Vigor Alaska to build 2 ferries in Ketchikan

Alaska’s newest ferries will be the first made in the state after all.
Gov. Sean Parnell announced an agreement Sept. 20 between the state and Vigor Alaska to construct two Alaska Class ferries at Vigor’s Ketchikan shipyard.
Vigor Alaska estimated in a company release that the pair of 280-foot Alaska Marine Highway System ferries can be built for $101 million total, less than the state’s $120 million Vessel Replacement Fund budget.
“These vessels will be the largest ships ever built in Alaska,” Parnell said at an event in Ketchikan announcing the agreement. “Building these ferries in-state will be a major boost for Alaska’s economy. This has been our intent during the entire process.”
The state was able to control where the vessels are built by not using federal funds, which would require going through the federal procurement process that requires the lowest construction bid be accepted.
While the vessels are projected to be finished with money to spare, the delivery date has been pushed back more than a year to sometime in 2018, according to Parnell’s office. The project timeline on the Marine Highway System website forecasts a 2016 delivery.
Vigor Alaska’s business development lead Doug Ward said the timeline was revised in negotiations with the state in part to minimize cost. Vigor will be able to manage its workforce and reduce labor costs with longer lead times, he said.

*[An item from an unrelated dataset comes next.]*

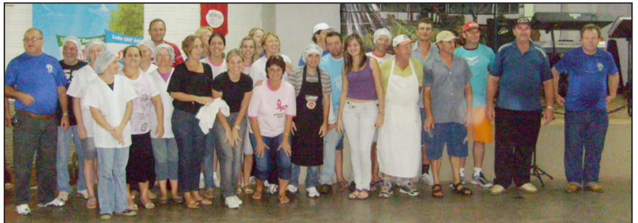
Equipe que trabalhou na retaguarda garantiu refeição e atendimento aos idosos

The day ferries will mainly run in Lynn Canal between Haines-Skagway and Juneau. They are designed to hold up to 300 passengers and carry 53 vehicles.
The state currently has 11 ferries in its fleet, some of which are nearly 50 years old. Once the Alaska Class vessels are up and running one of the state’s aged mainliner ferries will likely be retired, AMHS officials have said.

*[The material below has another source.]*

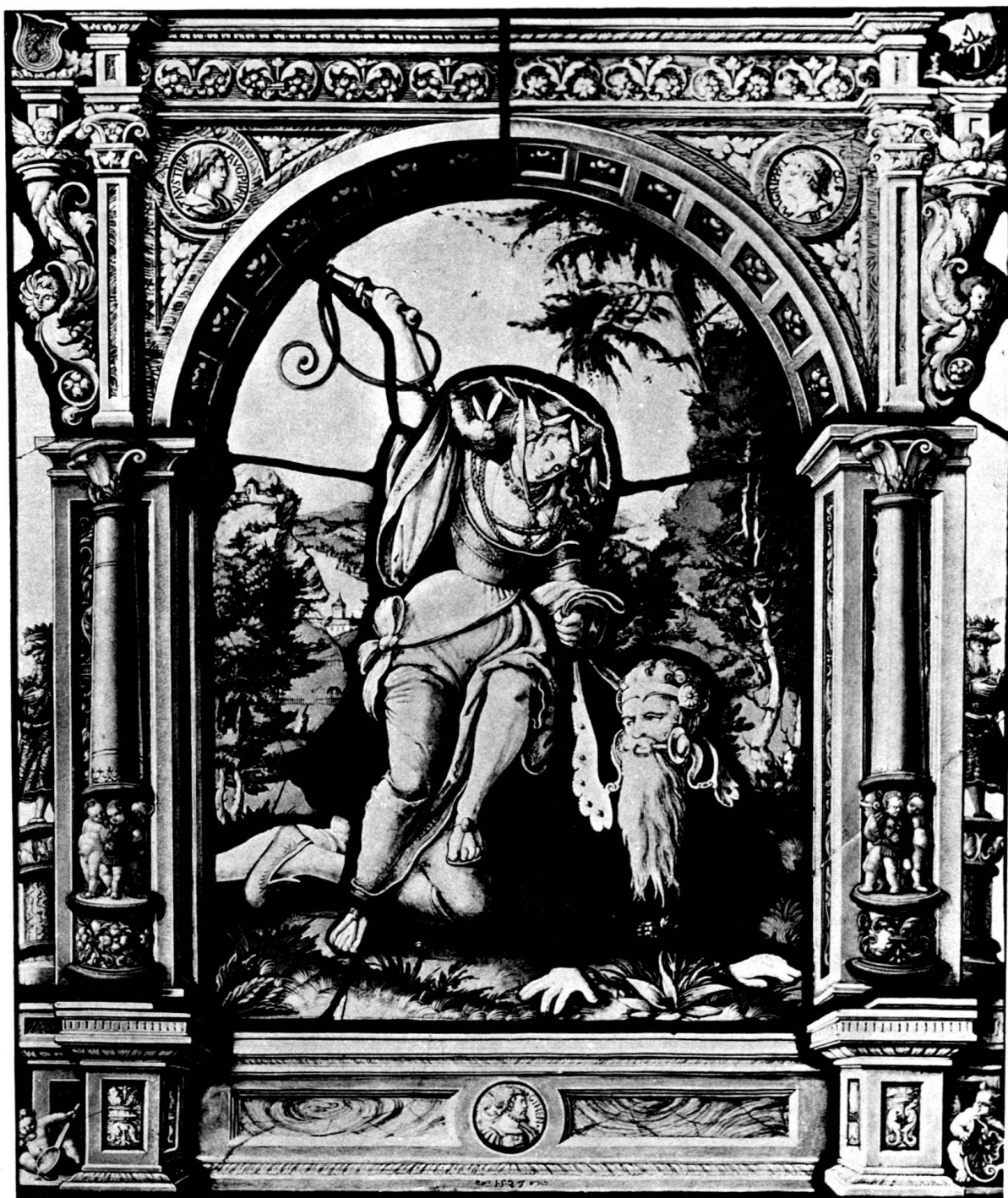
Glasgemälde von 1527 mit Darstellung des Aristoteles und der Phyllis.

The Alaska Class ferries are called day boats because they are designed for one crew shift voyages without cabins or crew living quarters to cut both capital and operational expense. This is a change from earlier plans to add a traditional mainline vessel to the fleet.
“You’re essentially getting two vessels for the price of one,” Ward said.
About a year behind the Alaska Class process, the Marine Highway also is designing a mainliner to replace the M/V Tustumena, which serves Kodiak, Homer and all of the Aleutian ports.
Early work on the day-boat project is scheduled to start in the coming weeks.
Ward said Vigor Alaska, formerly Alaska Ship and Drydock, plans to hire up to 80 full-time shipbuilders for the four-year project and ultimately grow its Ketchikan-based workforce to 250 employees. At the beginning of 2014 Vigor had 160 employees in Southeast Alaska.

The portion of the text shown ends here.